И всё же – борьба с врагом где-то внутри всегда оставалась на первом месте. Готовность бороться насмерть постоянно в себе подогревалась. И еще сильнее она подогревалась извне. Оттого всё в человеке пребывало под столь высоким давлением, что немца и штыком колоть не приходилось. Впрочем, как и наших. Стоило лишь обозначить укол, слегка дотронуться до человека, как он замертво падал от разрыва сердца, от ужаса, от того, чего всегда более всего боялся, но всегда ждал и теперь догадался, что дождался. И человеческое сердце не выдерживало психологического надрыва. Тогда уже не штык вершил судьбы, а крепость нервов, умение забыть всё земное, все человеческое, всё дорогое и милое. Забыть жалость! Только вперёд через тела, пока сам не упадёшь замертво. Вперёд, пока жив. Только вперёд! Убивать, убивать! Так надо…
И ведь никто из товарищей тебе не поможет! Никто не остановится, как часто показывают в нечестных героизированных кинофильмах, где товарища не бросают! В кино обязательно помогут, хотя бы перевяжут…
В жизни было иначе! Запрещено было останавливаться хоть на секунду! Даже, чтобы оказать первую помощь, чтобы оттащить, прикрыть, спасти. В атаке не было права тормозить! Ни у кого! Под страхом штрафбата, под страхом смерти! Лишь атаковать, не обращая внимания ни на остервенелый огонь противника, ни на споткнувшихся рядом лучших товарищей. Только вперёд! С огнём и под огнём! До первого немецкого окопа. А там либо смерть, либо спасение!
И только поначалу это кажется странным и жестоким. Но если поразмыслить, сознаёшь, что только так и должно быть. Останавливаться нельзя! Иначе любой остановится. Остановится лишь затем, чтобы самому не бежать вперёд, чтобы самому не попасть под остервенелый огонь, чтобы передохнуть хоть секундочку, чтобы самому не нарваться на рыщущую смерть. А такой задержкой одного бойца немец, считай, сразу двух наших положит.

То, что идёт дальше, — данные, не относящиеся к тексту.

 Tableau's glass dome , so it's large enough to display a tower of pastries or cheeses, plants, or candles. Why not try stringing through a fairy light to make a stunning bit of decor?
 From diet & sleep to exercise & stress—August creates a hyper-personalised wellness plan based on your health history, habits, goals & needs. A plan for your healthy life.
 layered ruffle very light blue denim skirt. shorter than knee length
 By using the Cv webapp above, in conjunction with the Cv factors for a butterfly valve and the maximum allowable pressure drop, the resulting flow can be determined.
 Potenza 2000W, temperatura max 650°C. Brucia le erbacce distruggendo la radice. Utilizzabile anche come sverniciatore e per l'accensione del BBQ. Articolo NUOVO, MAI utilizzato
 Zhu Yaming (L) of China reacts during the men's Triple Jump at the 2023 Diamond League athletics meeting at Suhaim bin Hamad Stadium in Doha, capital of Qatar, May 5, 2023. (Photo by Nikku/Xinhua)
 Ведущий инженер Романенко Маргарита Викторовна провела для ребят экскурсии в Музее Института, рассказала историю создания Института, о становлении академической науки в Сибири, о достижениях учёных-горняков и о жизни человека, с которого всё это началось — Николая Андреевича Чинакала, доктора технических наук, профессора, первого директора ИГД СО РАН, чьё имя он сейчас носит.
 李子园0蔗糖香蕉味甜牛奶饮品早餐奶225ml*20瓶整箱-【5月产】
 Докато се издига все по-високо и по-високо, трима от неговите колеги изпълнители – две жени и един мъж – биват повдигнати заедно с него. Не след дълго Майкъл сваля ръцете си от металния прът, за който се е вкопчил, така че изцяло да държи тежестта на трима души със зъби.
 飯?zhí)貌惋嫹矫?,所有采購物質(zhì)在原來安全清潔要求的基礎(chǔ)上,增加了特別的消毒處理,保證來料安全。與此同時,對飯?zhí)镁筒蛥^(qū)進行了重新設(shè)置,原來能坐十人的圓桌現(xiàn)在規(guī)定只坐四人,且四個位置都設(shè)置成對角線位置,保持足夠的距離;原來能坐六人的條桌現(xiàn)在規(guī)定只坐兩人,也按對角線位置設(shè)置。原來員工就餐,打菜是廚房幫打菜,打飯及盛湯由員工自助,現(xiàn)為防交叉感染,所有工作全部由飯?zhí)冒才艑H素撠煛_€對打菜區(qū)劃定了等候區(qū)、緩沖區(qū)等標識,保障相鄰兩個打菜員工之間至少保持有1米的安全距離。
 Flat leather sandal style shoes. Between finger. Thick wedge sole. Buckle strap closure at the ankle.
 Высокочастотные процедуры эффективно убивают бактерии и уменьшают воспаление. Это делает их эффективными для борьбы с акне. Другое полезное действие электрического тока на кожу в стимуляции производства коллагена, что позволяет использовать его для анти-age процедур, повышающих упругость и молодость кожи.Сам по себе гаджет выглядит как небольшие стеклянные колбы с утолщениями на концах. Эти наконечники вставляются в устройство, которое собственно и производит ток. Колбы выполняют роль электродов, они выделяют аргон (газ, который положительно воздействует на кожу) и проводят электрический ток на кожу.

Если враг одного подстрелил, а другой рядом залёг, тоже не стреляет, тоже не атакует, того и гляди, атака захлебнётся. А это значит, что потери только возрастут. И все смерти, и нынешние и прошлые, окажутся бесполезными, бессмысленными, напрасными!
Помогать раненым и эвакуировать их с поля боя могли лишь медсёстры, медбратья и прочий медперсонал, для этого предназначенный. Таковы законы войны. Они очень рациональны. Они выстраданы и обильно политы кровью.
После тех откровений фронтовика я несколько ночей подряд вскакивал в холодном поту. Мама всё беспокоилась, будто кричал я в полный голос, куда-то порывался бежать, в исступлении тряс кровать.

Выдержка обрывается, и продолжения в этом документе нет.